• Task brief: Set down the final stretch of the data, from the line that holds "Present time - Vase" through the last line, both included, with pictures left out.

• Records shown:
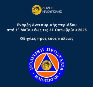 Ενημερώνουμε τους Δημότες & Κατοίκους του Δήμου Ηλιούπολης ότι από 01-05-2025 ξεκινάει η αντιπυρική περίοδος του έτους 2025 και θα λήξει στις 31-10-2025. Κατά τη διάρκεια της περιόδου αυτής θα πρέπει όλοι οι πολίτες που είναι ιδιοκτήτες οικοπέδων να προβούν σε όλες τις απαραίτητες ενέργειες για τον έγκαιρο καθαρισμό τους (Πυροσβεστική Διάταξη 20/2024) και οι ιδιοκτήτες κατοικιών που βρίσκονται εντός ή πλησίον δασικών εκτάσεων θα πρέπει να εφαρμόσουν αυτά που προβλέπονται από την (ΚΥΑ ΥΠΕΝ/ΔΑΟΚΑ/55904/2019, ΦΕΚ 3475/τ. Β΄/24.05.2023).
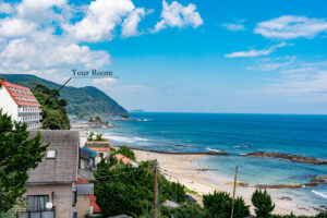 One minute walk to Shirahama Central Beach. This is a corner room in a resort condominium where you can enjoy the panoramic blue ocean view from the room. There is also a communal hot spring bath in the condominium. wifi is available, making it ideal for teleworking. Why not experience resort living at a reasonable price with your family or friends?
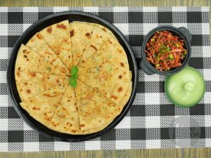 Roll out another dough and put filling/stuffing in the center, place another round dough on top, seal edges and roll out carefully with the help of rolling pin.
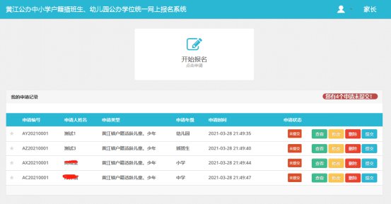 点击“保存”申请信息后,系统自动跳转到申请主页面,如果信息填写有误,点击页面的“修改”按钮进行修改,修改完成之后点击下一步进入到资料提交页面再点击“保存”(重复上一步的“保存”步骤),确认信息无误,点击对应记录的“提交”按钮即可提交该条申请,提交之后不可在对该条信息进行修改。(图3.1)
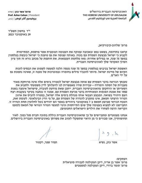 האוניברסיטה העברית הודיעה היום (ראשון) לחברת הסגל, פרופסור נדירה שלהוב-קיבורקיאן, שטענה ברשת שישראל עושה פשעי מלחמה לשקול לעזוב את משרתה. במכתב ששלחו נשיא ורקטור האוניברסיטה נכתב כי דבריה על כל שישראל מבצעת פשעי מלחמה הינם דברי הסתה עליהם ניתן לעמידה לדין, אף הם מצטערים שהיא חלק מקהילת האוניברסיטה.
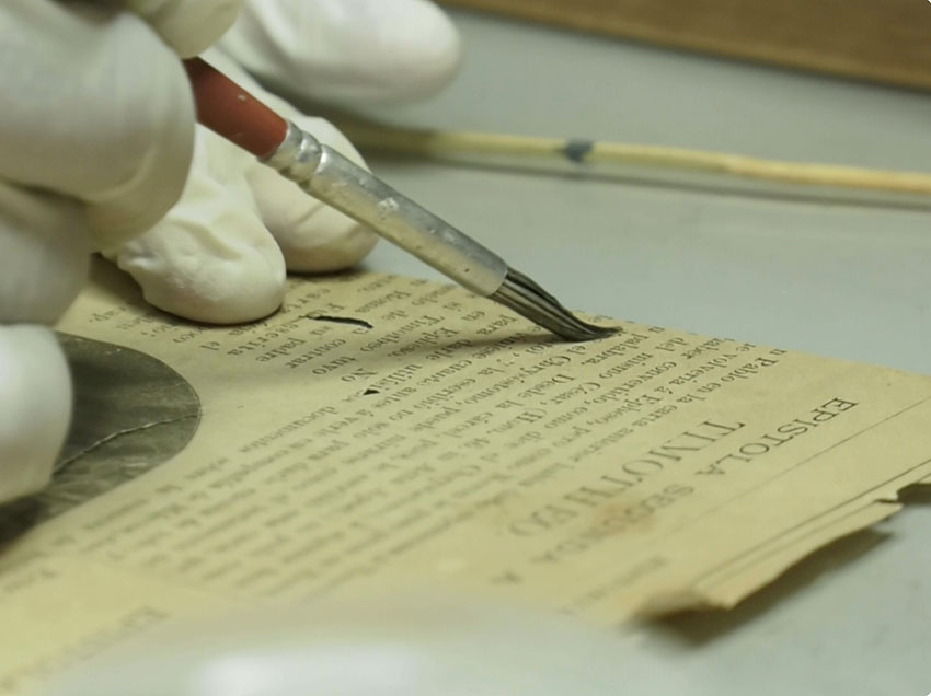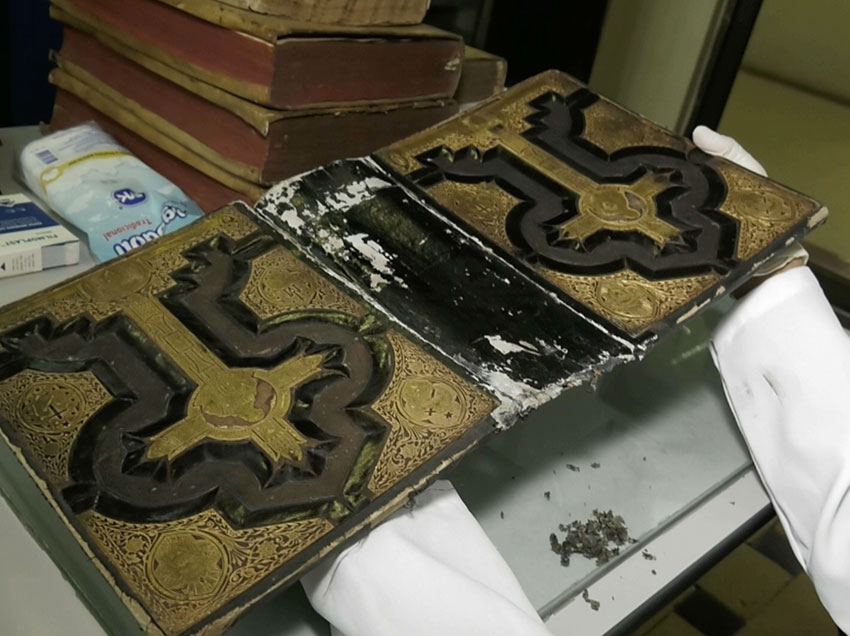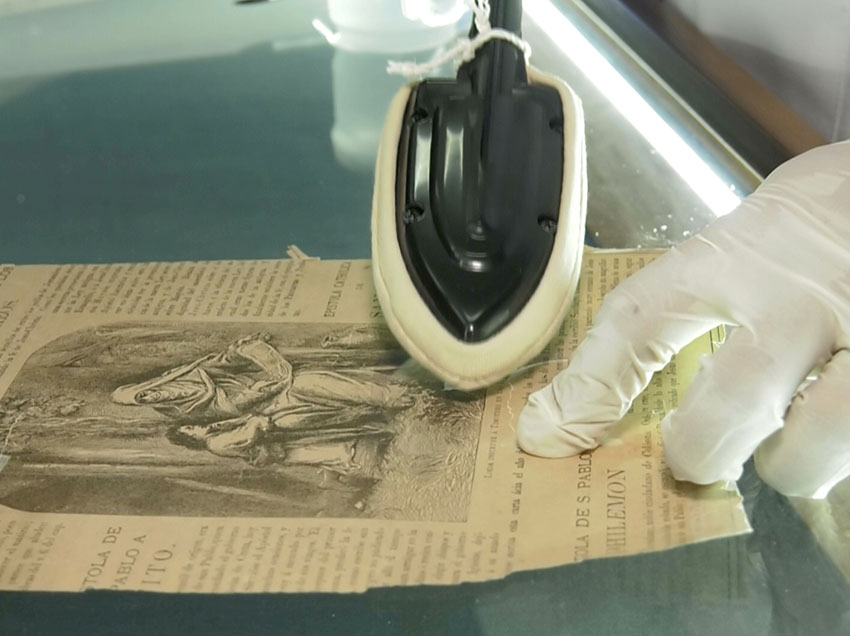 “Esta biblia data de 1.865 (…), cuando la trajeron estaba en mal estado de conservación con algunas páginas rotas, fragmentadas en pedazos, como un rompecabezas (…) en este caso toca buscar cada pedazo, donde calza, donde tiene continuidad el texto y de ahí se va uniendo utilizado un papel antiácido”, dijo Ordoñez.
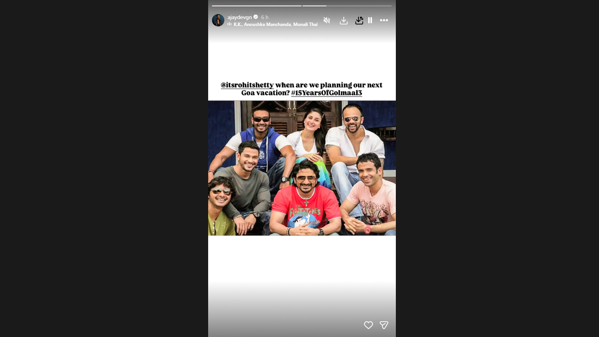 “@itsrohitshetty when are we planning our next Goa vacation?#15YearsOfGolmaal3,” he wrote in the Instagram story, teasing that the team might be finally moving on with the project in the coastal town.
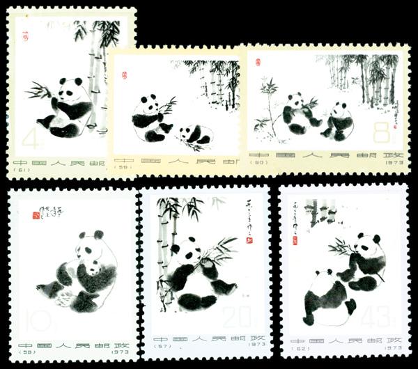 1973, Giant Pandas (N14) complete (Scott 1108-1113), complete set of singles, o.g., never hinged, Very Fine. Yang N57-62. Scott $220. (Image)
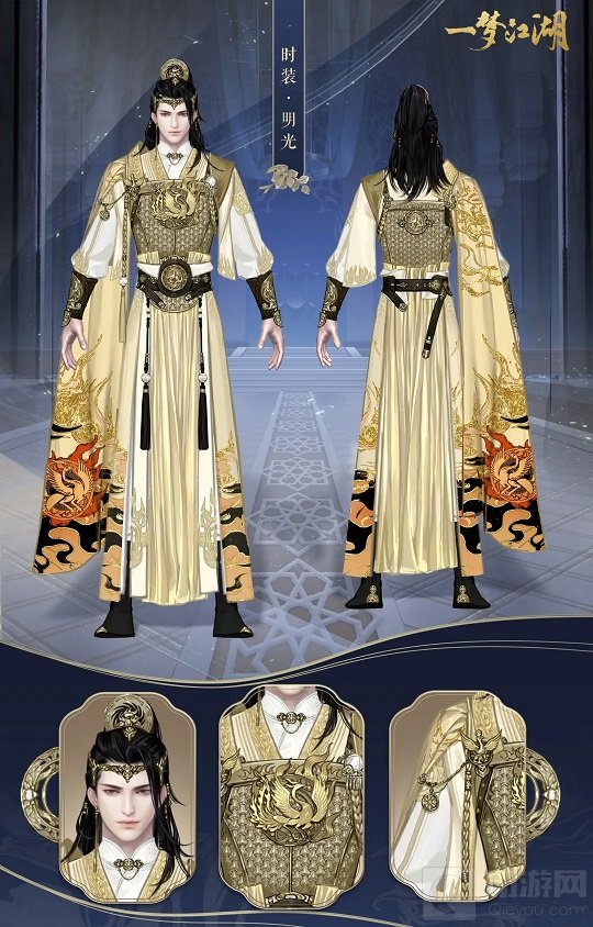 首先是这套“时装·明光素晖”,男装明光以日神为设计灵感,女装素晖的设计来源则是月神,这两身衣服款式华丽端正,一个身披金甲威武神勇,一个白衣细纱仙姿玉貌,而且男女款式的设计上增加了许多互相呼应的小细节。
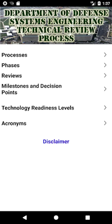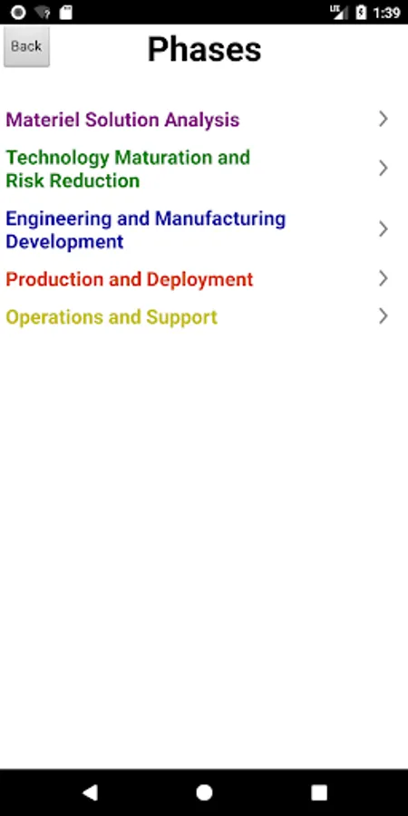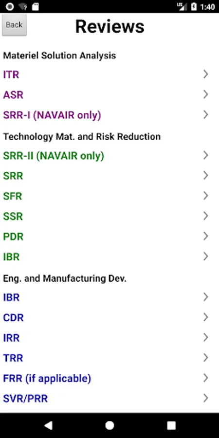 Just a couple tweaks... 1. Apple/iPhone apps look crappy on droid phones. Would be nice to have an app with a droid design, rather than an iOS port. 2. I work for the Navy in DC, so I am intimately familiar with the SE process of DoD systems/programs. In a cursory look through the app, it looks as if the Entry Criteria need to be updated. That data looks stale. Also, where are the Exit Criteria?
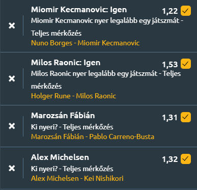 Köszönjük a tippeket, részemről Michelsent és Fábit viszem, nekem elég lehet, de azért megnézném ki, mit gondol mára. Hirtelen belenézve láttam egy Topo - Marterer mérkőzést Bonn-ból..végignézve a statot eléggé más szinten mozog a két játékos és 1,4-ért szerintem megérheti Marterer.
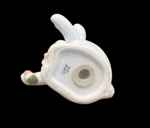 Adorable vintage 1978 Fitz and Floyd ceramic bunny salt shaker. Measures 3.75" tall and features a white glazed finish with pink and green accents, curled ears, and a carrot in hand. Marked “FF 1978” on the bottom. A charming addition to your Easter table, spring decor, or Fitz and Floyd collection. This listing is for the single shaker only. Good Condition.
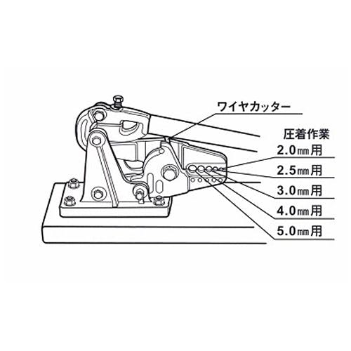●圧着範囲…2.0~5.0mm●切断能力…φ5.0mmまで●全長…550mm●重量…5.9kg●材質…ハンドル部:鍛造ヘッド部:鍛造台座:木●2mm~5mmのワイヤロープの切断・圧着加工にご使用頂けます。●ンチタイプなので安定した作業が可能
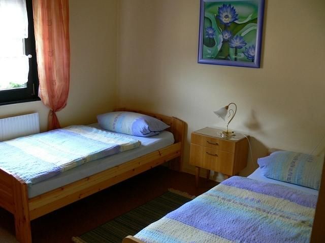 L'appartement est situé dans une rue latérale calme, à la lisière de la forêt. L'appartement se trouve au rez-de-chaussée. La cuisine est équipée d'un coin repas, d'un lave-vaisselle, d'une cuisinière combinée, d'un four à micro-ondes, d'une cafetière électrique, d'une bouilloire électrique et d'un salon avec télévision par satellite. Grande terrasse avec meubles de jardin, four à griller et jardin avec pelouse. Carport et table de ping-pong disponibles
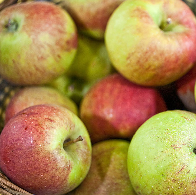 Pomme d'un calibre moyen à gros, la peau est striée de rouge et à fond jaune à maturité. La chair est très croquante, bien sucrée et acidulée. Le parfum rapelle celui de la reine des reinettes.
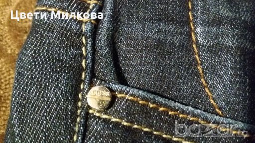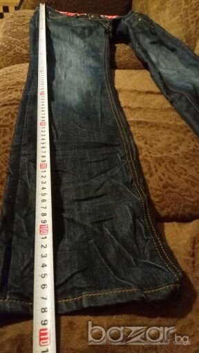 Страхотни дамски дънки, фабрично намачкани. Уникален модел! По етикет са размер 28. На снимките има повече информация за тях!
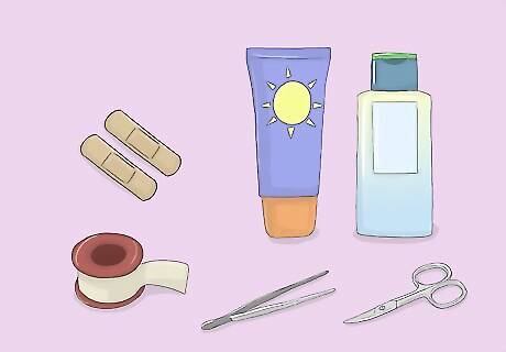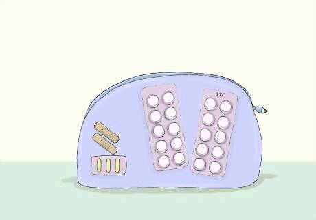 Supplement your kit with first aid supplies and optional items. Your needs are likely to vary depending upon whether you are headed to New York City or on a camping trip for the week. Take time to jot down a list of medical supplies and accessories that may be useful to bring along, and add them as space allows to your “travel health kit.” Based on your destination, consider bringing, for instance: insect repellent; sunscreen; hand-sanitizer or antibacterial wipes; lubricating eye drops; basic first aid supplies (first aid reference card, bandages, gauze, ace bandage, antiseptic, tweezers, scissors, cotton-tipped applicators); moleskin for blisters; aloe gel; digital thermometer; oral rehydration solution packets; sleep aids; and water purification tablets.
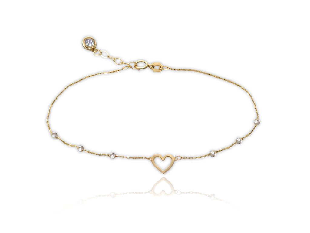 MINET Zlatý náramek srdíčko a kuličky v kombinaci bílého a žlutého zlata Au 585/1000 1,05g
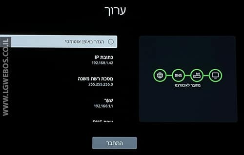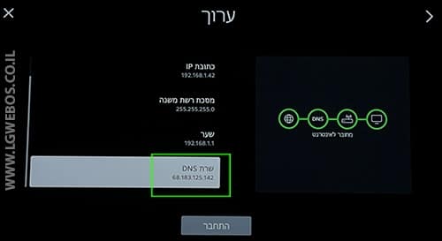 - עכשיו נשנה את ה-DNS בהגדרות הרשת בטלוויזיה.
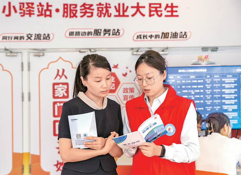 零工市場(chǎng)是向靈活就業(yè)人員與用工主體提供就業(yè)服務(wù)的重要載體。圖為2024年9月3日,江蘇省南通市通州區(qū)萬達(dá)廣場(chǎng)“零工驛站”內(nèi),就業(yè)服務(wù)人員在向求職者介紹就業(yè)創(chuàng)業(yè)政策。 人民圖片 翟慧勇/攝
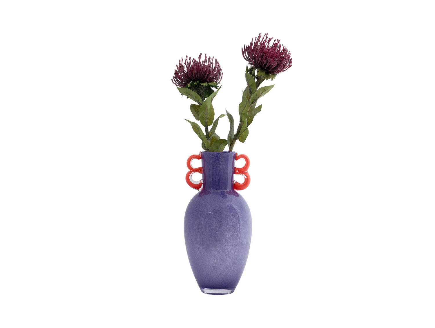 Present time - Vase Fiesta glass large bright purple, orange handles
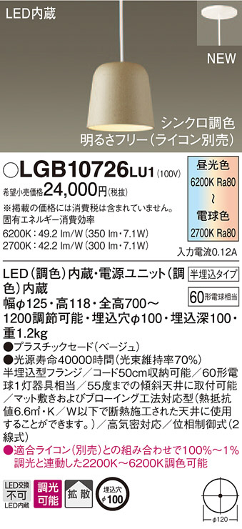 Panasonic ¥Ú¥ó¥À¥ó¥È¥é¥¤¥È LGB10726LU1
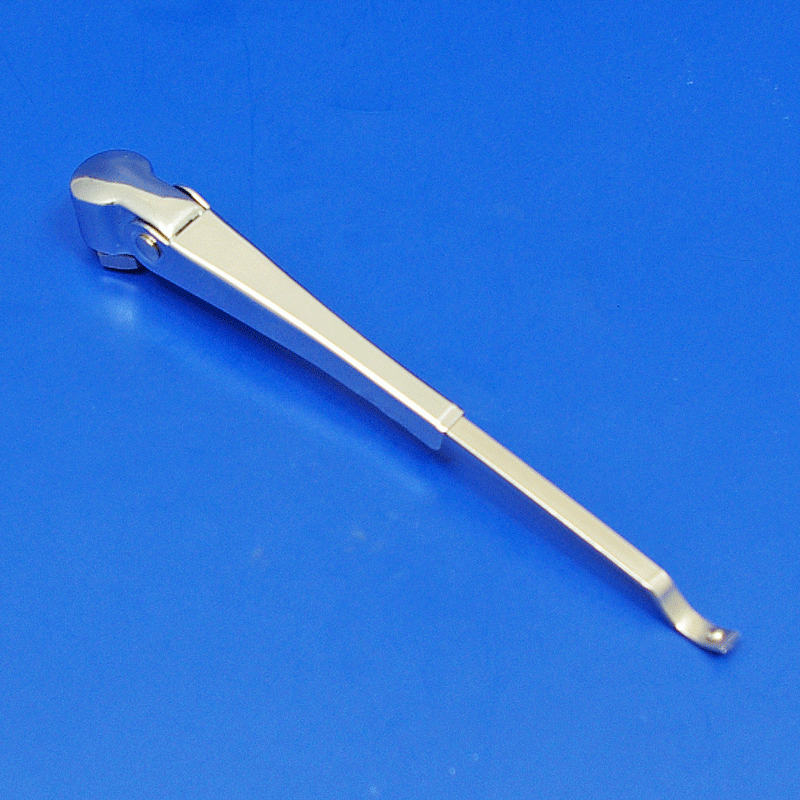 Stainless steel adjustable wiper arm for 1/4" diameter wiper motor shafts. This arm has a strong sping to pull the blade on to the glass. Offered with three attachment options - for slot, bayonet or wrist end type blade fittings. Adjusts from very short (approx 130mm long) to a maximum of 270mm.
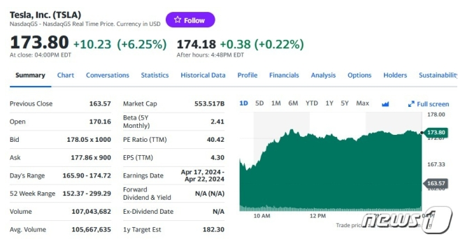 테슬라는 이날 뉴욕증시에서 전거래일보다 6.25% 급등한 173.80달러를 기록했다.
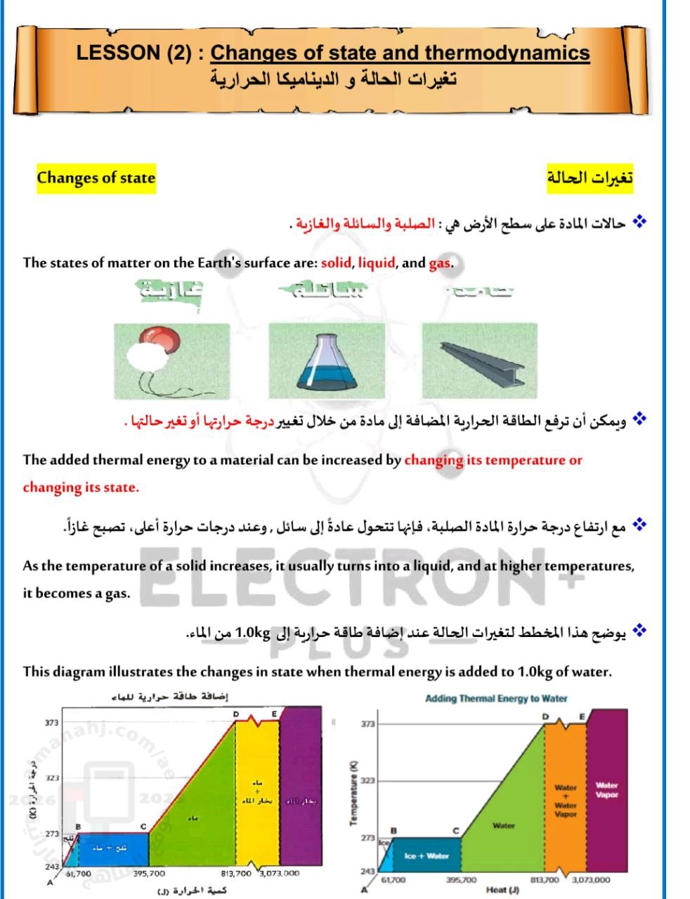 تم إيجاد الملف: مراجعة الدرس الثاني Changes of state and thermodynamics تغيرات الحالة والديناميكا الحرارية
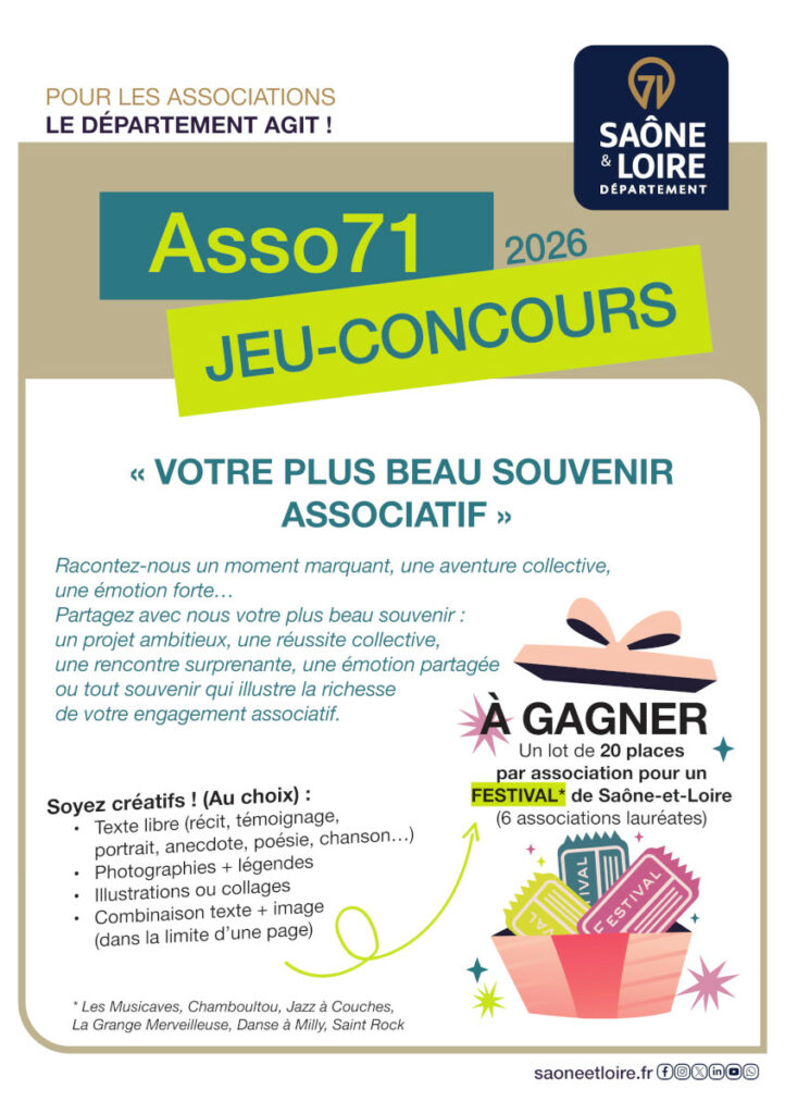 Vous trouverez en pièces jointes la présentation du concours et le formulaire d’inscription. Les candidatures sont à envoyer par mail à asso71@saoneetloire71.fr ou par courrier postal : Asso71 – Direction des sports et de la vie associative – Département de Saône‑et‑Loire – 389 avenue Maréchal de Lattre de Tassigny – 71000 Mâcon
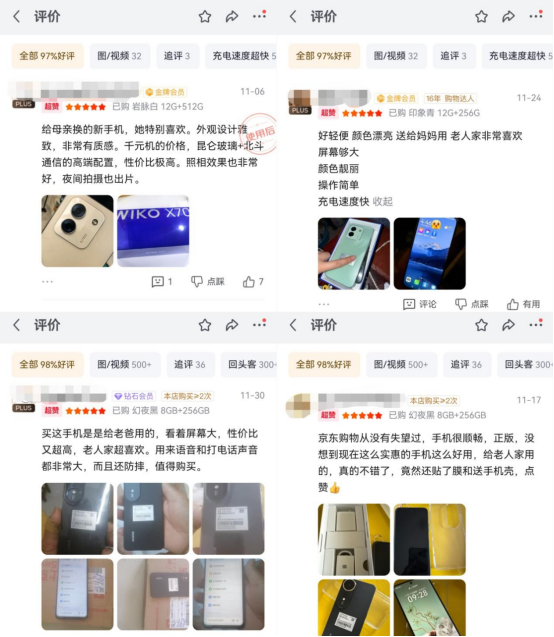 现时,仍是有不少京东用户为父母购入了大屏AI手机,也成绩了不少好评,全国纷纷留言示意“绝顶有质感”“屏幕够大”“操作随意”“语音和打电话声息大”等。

• Written response:
 Present time - Vase Fiesta glass large bright purple, orange handles
 Panasonic ¥Ú¥ó¥À¥ó¥È¥é¥¤¥È LGB10726LU1
 Stainless steel adjustable wiper arm for 1/4" diameter wiper motor shafts. This arm has a strong sping to pull the blade on to the glass. Offered with three attachment options - for slot, bayonet or wrist end type blade fittings. Adjusts from very short (approx 130mm long) to a maximum of 270mm.
 테슬라는 이날 뉴욕증시에서 전거래일보다 6.25% 급등한 173.80달러를 기록했다.
 تم إيجاد الملف: مراجعة الدرس الثاني Changes of state and thermodynamics تغيرات الحالة والديناميكا الحرارية
 Vous trouverez en pièces jointes la présentation du concours et le formulaire d’inscription. Les candidatures sont à envoyer par mail à asso71@saoneetloire71.fr ou par courrier postal : Asso71 – Direction des sports et de la vie associative – Département de Saône‑et‑Loire – 389 avenue Maréchal de Lattre de Tassigny – 71000 Mâcon
 现时,仍是有不少京东用户为父母购入了大屏AI手机,也成绩了不少好评,全国纷纷留言示意“绝顶有质感”“屏幕够大”“操作随意”“语音和打电话声息大”等。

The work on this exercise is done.